My favorite is #7 though. AAAAARrrrrrrgh.

ra.kish
ra.kish

C'mon! Your boss becoming a stranger is a bad thing? Maybe if your increases are based on his knowledge of you; but most big companies now have implemented salary increases that have nothing to do with individual performance but rather what the marketplace is doing. The less I see of my boss, the better!

Dave O
Dave O

Equipment and supplies taking up space in my garage. A laptop always taking up space in the corner of the living room. Big packages taking up space in the mailbox. A work vehicle taking up space in the driveway, plus having to shovel it out in winter. Sometimes working around the clock while neighbors wonder if I am working at all. Would I give it up in return for the daily commute? No way in hell!

codybwheeler
codybwheeler

It definitely takes more discipline to work from home. This list is a good "what not to do" guide. If managed correctly, I often get A LOT more done from home that I do at the office.

mtg42
mtg42

You forget how to dress. Gym shorts when it's hot, sweat pants when it's not. Shower & shave? Maybe. Wear shoes & socks, not slippers? Please don't make me. We won't even mention belts & ties.

Ed Woychowsky
Ed Woychowsky

The Death Rain potato chips are calling me...

Who Am I Really
Who Am I Really

"sometimes you can get more done @ home than when at the office" and after a few times of that happening - it's expected all the time

Justin James
Justin James

Almost all of these have applied to me at one time or another, except #10. My wife stays at home with our son, and she loves to ask me to do things that she could do herself, like get glasses of water. She is my #7, not the neighbors. #3 hits me BAD. I get 3 weeks of time off (vacation + sick time) each year. Last year I used 5 days. This year I used two so far (for the TR event).
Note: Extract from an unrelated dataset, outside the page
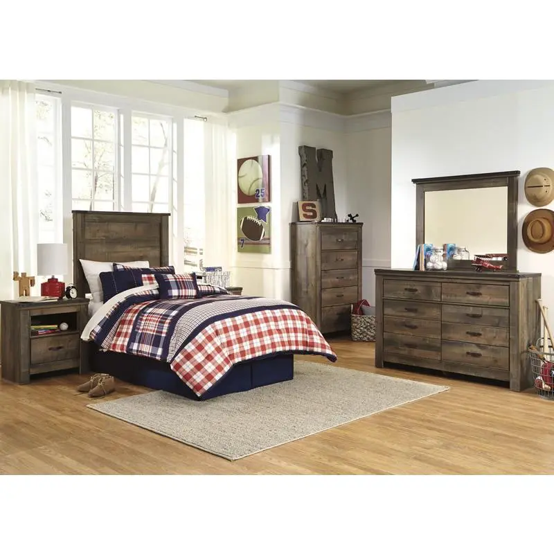 Whether she loves horses or he’s a cowboy at heart, the Signature Design Trinell twin panel headboard and frame matches their official sense of style. Rustic finish, plank details and nailhead trim are an homage to reclaimed barn wood, making for a sophisticated, vintage-chic look.

But the weird thing is, I don't mind it so much because of #4. Never mind the fact that I am so much more productive at home than in the office that the occasional "zoned out day" still doesn't impact my overall productivity. J.Ja

Tony Hopkinson
Tony Hopkinson

I mean it's unhealthy to hold a fart in... Imprisoned in your workplace is a killer though, if you've got the space and facilities for a work room, set it up, use it and then exit to rest of the house. I haven't, six months of working from home and I was in rubber room territory.

NexS
NexS

Sure, you have the Iron Will of a Tibetan Monk, but sometimes that just isn't enough to keep you on the computer and away from the guitar...(this would particularly be my downfall)

TheProfessorDan
TheProfessorDan

I am in support so I have never had the priviledge of working from home but I am sure that there has to be some really great things about working from home.